Predicting Options

The computer science department has provided an efficient alternative to preregistration

It’s the year 2004, and though we have yet to see flying cars and Rosie the Robots in our kitchens, at least we can now better predict course enrollments. Thanks to an innovative algorithm designed by students in Computer Science (CS) 96, “System Design Projects,” the College will be able to prevent the misallocation of 1,200 teaching fellows (TFs) in future terms.

The catalyst to this project was last year’s preregistration debacle. For years, course prediction methodology has not been accurate enough to allow departments to reliably hire and train TFs far enough in advance —leaving TFs in a precarious job market and students in precariously-led sections. The solution offered by the administration last spring (withdrawn after wide criticism) was forcing students to choose their courses a semester in advance. But that system did not account for the inevitable enrollment swings that would have resulted from the liberal add/drop period it proposed in place of shopping, and the plan would have worked to the detriment of student flexibility. Where preregistration failed, this new initiative prevails.

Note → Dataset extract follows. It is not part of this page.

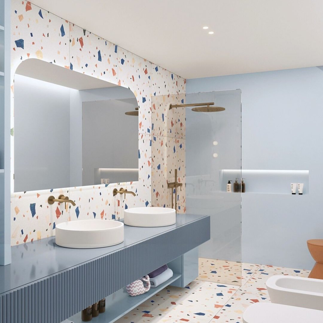 This one is pure fun. The terrazzo pattern mixed with soft blue cabinetry gives the whole space a light, modern personality that feels fresh and creative.

The algorithm, dubbed a “machine learning system” by McKay Professor of Computer Science Stuart M. Shieber ’81, who teaches CS 96, incorporates more than a decade of data—including historic enrollment, course type, department, CUE Guide ratings and time slot. The gains in efficiency of a standardized mathematical model for predicting course enrollment will benefit the entire Harvard community.

The administration should be commended for supporting this course prediction project and looking beyond the short-sighted preregistration proposal. The problems that preregistration ostensibly sought to improve are valid and serious and the University is right to search for better methods of predicting enrollment.


Specifically, Harvard should not hesitate to employ non-binding surveys asking students in which courses they intend to enroll. The machine learning system will undoubtedly struggle to predict enrollment in new courses and these surveys could be used as a supplement.

Moreover, the TF hiring process could be much improved if the University centralized the practice. A standardized online system would allow professors and TFs across departments to connect more easily. TFs would be able to rank their preferences for multiple positions and an automated system would match them appropriately.


The preregistration debate of last spring was an extremely healthy one, the fruits of which are only now being realized. Legitimate problems are being addressed—and in far more amenable ways. As course enrollment prediction becomes more accurate and the TF hiring process becomes more streamlined, we all stand to gain from an enhanced educational experience.